Dataset records Block Start

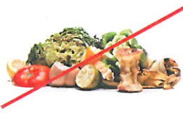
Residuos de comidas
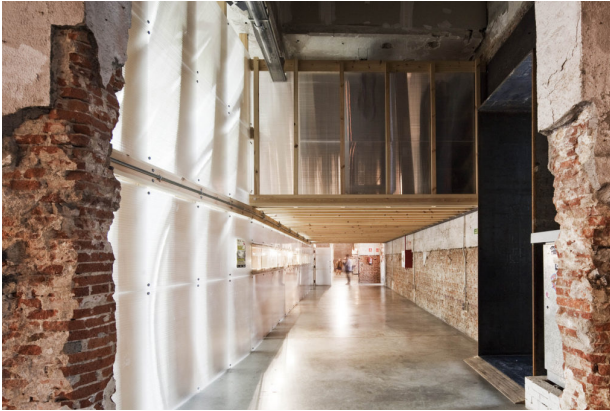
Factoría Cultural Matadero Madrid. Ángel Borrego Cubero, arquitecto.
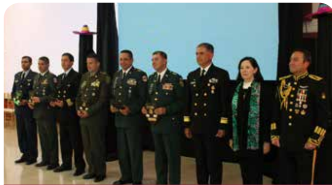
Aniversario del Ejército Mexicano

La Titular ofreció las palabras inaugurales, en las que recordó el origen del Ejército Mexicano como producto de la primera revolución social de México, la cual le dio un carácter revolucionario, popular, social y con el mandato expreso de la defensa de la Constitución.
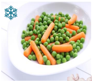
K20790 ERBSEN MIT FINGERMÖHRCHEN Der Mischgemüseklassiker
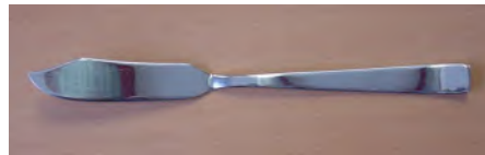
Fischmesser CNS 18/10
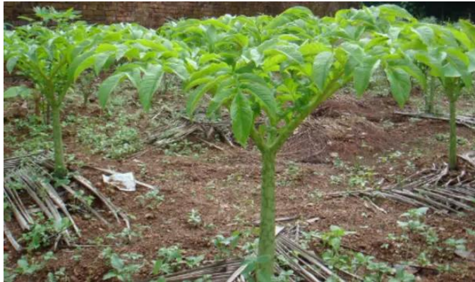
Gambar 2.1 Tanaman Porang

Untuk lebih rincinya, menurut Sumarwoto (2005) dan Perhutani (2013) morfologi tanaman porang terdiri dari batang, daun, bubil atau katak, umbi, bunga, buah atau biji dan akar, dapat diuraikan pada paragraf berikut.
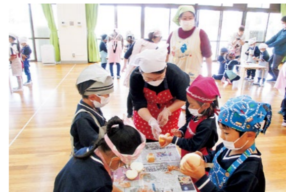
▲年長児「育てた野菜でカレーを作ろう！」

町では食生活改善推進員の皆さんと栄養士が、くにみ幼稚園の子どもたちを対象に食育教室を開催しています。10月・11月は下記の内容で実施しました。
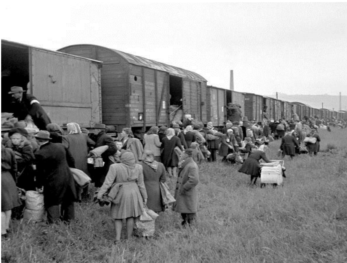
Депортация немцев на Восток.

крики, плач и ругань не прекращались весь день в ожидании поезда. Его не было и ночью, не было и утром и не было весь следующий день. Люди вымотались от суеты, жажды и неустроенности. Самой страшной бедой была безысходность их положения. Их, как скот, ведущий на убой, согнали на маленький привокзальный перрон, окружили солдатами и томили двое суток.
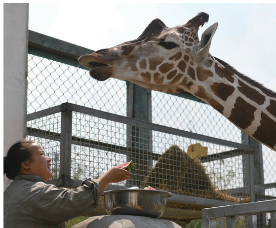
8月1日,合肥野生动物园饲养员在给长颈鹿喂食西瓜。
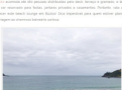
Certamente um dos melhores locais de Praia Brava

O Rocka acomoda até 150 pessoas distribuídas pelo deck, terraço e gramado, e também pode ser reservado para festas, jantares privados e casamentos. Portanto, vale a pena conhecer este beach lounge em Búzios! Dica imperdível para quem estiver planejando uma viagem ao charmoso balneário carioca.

Dataset records Block End

### What to work on
Find the string "Ejército" in the data. Report each line it appears in.

### Exercise response
Aniversario del Ejército Mexicano
La Titular ofreció las palabras inaugurales, en las que recordó el origen del Ejército Mexicano como producto de la primera revolución social de México, la cual le dio un carácter revolucionario, popular, social y con el mandato expreso de la defensa de la Constitución.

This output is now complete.